A new rollup update has been made available for all Click-to-Run installations of Outlook 2016, Outlook 2019 and Outlook as part of an Office 365 subscription.
It contains 3 security updates for Outlook (1), Excel (1) and Office (1). Details about the Outlook vulnerabilities;
- CVE-2020-0696: Microsoft Outlook Security Feature Bypass Vulnerability
A security feature bypass vulnerability exists in Microsoft Outlook software when it improperly handles the parsing of URI formats. The security feature bypass by itself does not allow arbitrary code execution.

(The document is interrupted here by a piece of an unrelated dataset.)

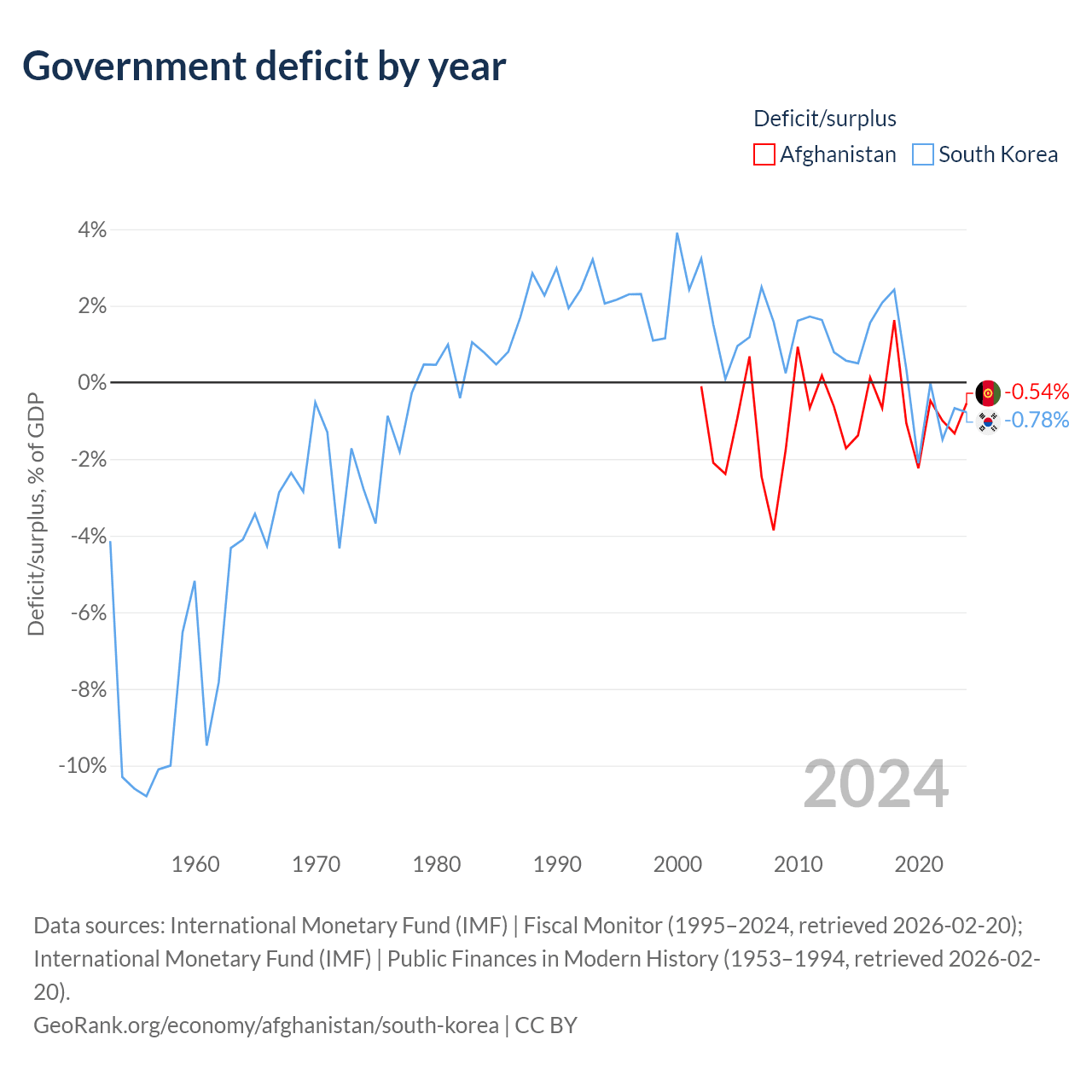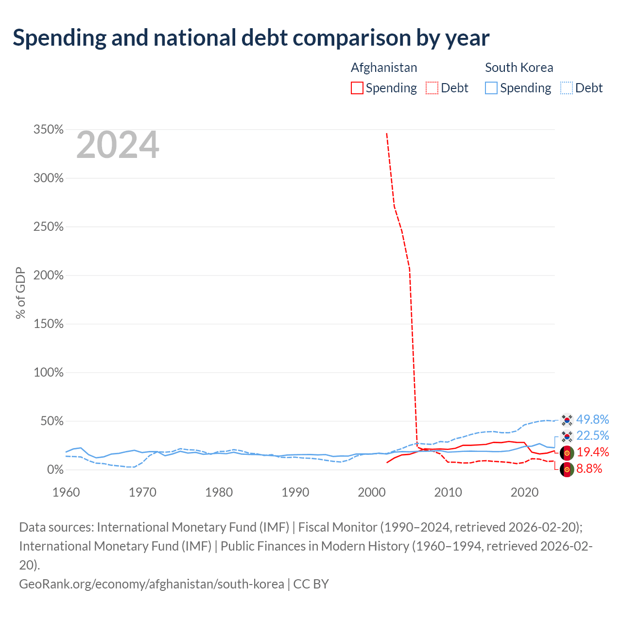 Afghanistan has $1.44B in government debt (8.8% of GDP), compared to $934B (49.8% of GDP) in South Korea.

However, to successfully exploit the vulnerability, an attacker would have to use it in conjunction with another vulnerability, such as a remote code execution vulnerability, to take advantage of the security feature bypass vulnerability and run arbitrary code.
To exploit the vulnerability, an attacker would have to convince a user to open a specially crafted URI with an affected version of Microsoft Outlook software.

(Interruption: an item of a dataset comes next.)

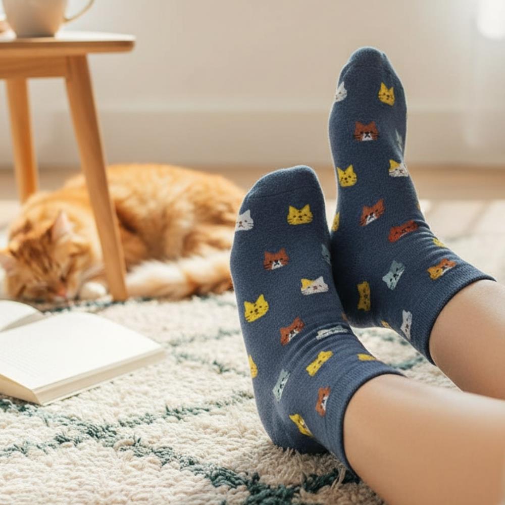 Hrejivé ponožky s nápadom. Ponožky s mačičkami nadchnú každého milovníka mačiek. Originálny vzhľad určite každého zaujme. Veselé ponožky zahrejú a zároveň urobia parádu. Kvalitné prevedenie a príjemný materiál zaručí, že sa vám ponožky budú skvele nosiť.

The security update addresses the vulnerability by correcting how Microsoft Outlook handles the parsing of URI formats.
In addition, it contains 2 documented non-security fixes for Outlook Monthly, 6 for Semi-Annual 1908 (including Targeted) and 1 for Semi-Annual 1902. Most notable fixes are;
- Monthly: Addresses an issue that caused users to experience a crash when canceling account setup.
- Monthly and Semi-Annual 1908: Addresses an issue that caused users to experience a crash when specifying an invalid From address.

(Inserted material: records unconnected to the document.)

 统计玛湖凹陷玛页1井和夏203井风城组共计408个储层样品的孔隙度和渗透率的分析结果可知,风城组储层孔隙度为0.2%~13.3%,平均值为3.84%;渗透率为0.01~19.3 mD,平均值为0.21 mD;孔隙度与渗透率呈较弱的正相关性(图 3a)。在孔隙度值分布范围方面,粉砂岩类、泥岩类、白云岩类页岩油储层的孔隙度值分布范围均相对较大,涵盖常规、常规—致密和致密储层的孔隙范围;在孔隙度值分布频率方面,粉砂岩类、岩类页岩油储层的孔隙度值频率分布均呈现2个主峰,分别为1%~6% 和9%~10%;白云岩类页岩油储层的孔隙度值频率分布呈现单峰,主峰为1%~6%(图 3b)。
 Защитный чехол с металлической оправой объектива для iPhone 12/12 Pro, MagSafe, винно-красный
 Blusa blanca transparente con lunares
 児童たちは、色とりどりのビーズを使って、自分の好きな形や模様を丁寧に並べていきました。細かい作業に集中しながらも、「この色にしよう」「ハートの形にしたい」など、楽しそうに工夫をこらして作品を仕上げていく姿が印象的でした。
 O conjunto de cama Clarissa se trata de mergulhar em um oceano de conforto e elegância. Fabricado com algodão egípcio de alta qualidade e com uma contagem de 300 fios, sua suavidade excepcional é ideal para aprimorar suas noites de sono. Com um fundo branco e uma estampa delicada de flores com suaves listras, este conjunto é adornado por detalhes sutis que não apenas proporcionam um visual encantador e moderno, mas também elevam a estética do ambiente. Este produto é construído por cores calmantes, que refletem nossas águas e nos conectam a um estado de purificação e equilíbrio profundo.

- Semi-Annual 1908: Addresses an issue that caused users to have problems problems with shared calendar folders syncing to the OST, resulting in permission errors when they try to interact with these folders.
- Semi-Annual 1908: Addressed an issue that caused users to experience a hang at the Loading Profile screen when Outlook is starting up.
- Semi-Annual 1902: Addresses an issue that caused users to encounter encryption algorithm is not supported errors when sending an encrypted email.
Based on your release channel, you’ll be updated to the following version;
- Office 365, Outlook 2016 Retail, Outlook 2019 Retail
Version 2001 (Build 12430.20264) - Office 365 Semi Annual (Targeted)
Version 1908 (Build 11929.20606) - Office 365 Semi Annual
Version 1908 (Build 11929.20606)
Version 1902 (Build 11328.20526)
Version 1808 (Build 10730.20438) - Outlook 2019 Volume License
Version 1808 (Build 10356.20006)
Note: Depending on your installation type, this update can be installed via the Update Now button in Outlook itself or the Microsoft Store. This update does not apply to msi-based installation of Office 2016.